• Directions for this task
Starting from the line in which "4. WATER: Pipe" appears, set down each line exactly through the end of the listing, and nothing else. Leave out pictures.

• Data provided
_ _ _ _ _

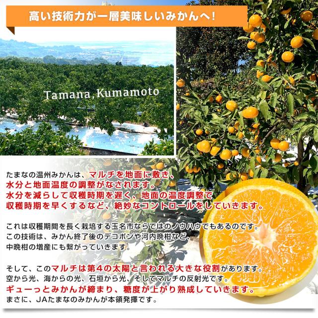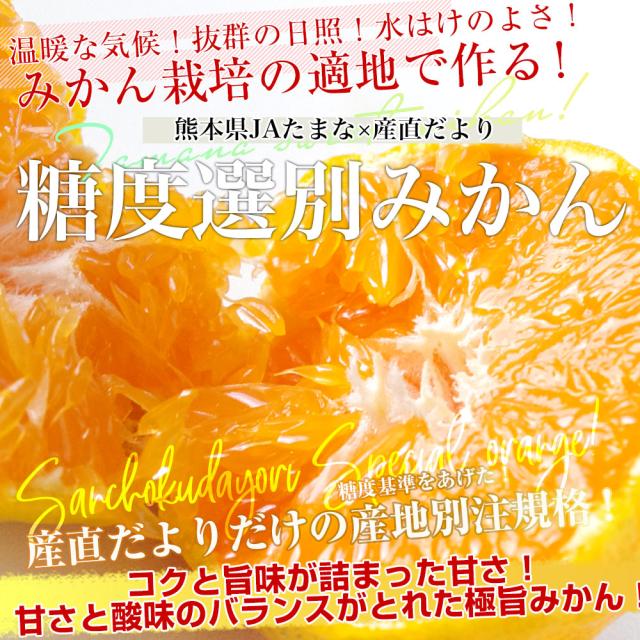 みかん栽培の最適地、熊本県JAたまなで作る、コクのある甘みの美味しいみかんをお届けします。1玉1玉、光センサーで糖度を測定し、一定の糖度基準を満たした、別注品のみかんですので、どれをとっても美味な味わいです。ぜひご賞味ください。
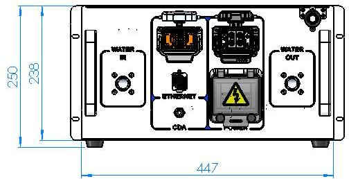 4. WATER: Pipe connectors, the inlet and outlet for cooling water to flow in and return. (See Table 6 for the laser model and corresponding water pipe size for cooling system requirements)
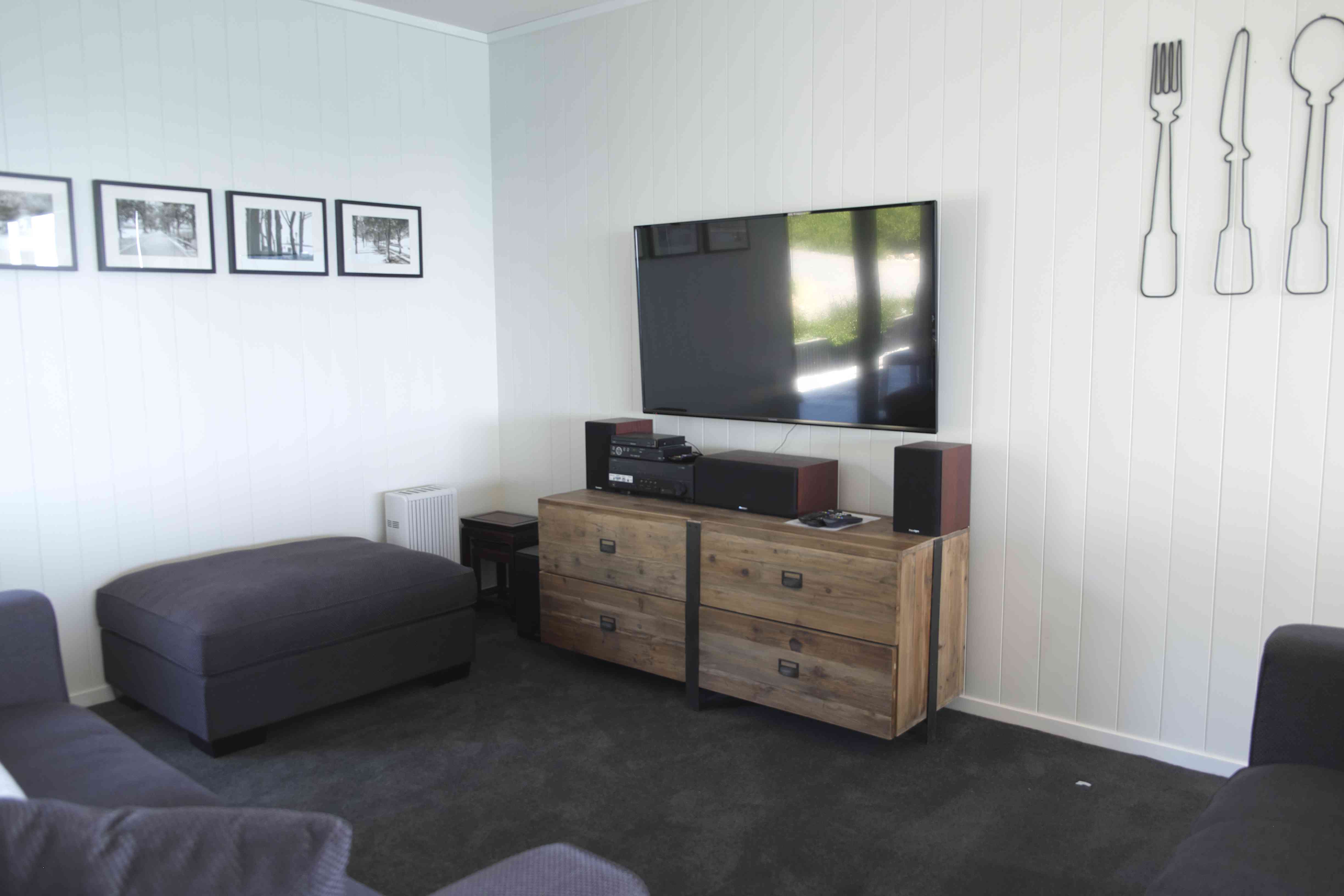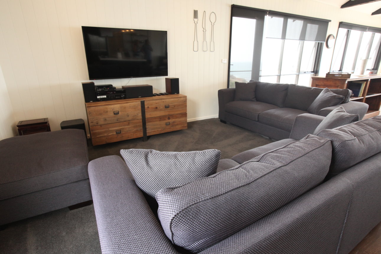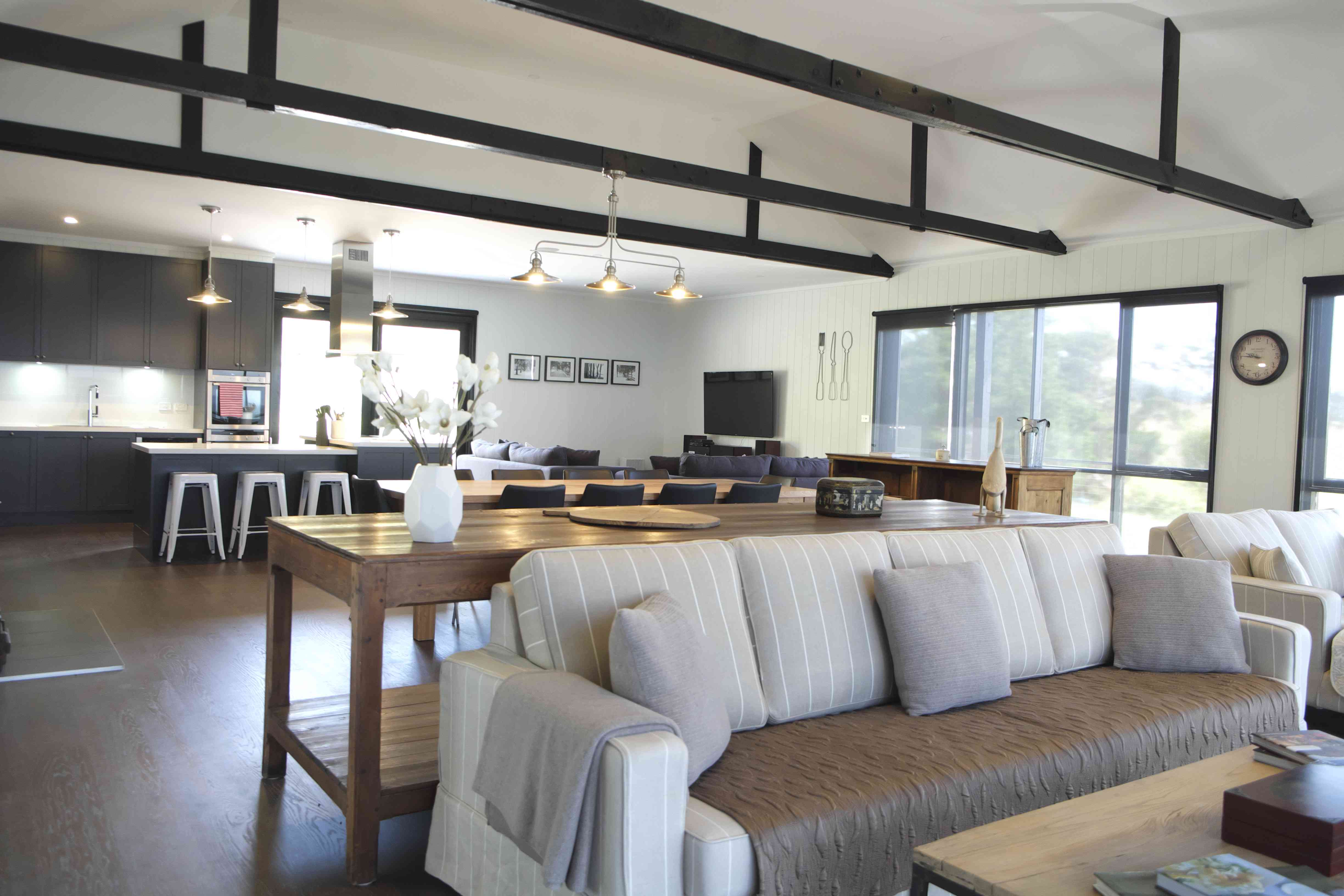 - Large open plan TV, lounge and dining area with vaulted ceilings

_ _ _ _ _

• Task response
 4. WATER: Pipe connectors, the inlet and outlet for cooling water to flow in and return. (See Table 6 for the laser model and corresponding water pipe size for cooling system requirements)
 - Large open plan TV, lounge and dining area with vaulted ceilings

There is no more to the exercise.